Hegesias followed Aristippus in considering pleasure as the goal of life; but, the view which he took of human life was more pessimistic. Happiness, he said, could not be the goal of life, because it is not attainable, and therefore concluded that the wise person's only goal should be to become free from pain and sorrow. Since, too, every person is self-sufficient, all external goods were rejected as not being true sources of pleasure.

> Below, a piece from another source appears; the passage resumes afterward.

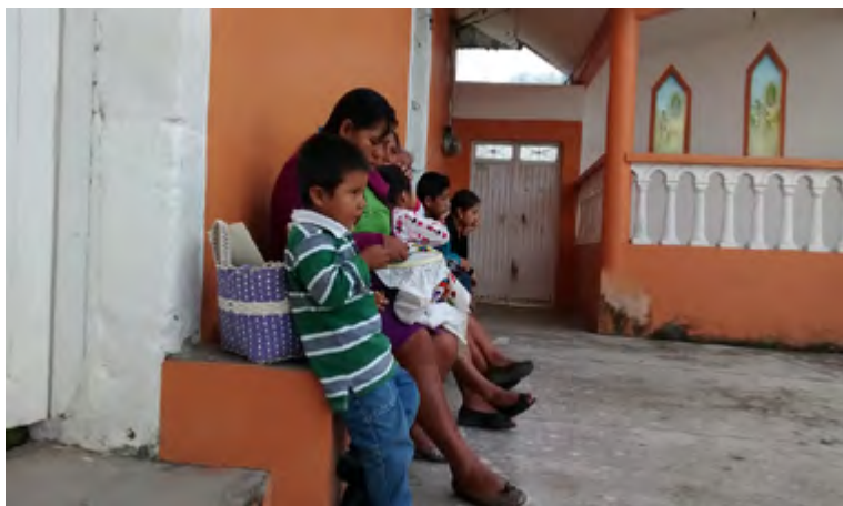
Figura 10. Mujer bordando en el atrio de la iglesia de San Agustín en Tenango de Doria.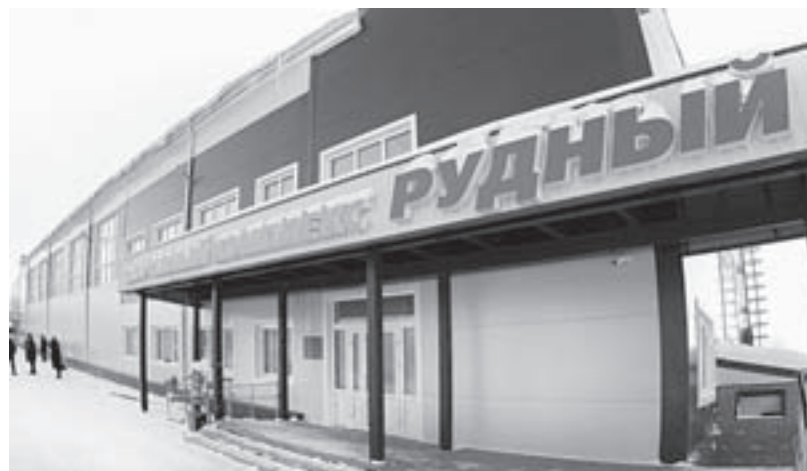
Современное здание стало украшением города.

Complete happiness cannot possibly exist; for that the body is full of many sensations, and that the mind sympathizes with the body, and is troubled when that is troubled, and also that fortune prevents many things which we cherished in anticipation; so that for all these reasons, perfect happiness eludes our grasp. Moreover, that both life and death are desirable. They also say that there is nothing naturally pleasant or unpleasant, but that owing to want, or rarity, or satiety, some people are pleased and some vexed; and that wealth and poverty have no influence at all on pleasure, for that rich people are not affected by pleasure in a different manner from poor people. In the same way they say that slavery and freedom are things indifferent, if measured by the standard of pleasure, and nobility and baseness of birth, and glory and infamy. They add that, for the foolish person it is expedient to live, but to the wise person it is a matter of indifference; and that the wise person will do everything for his own sake; for that he will not consider any one else of equal importance with himself; and he will see that if he were to obtain ever such great advantages from any one else, they would not be equal to what he could himself bestow.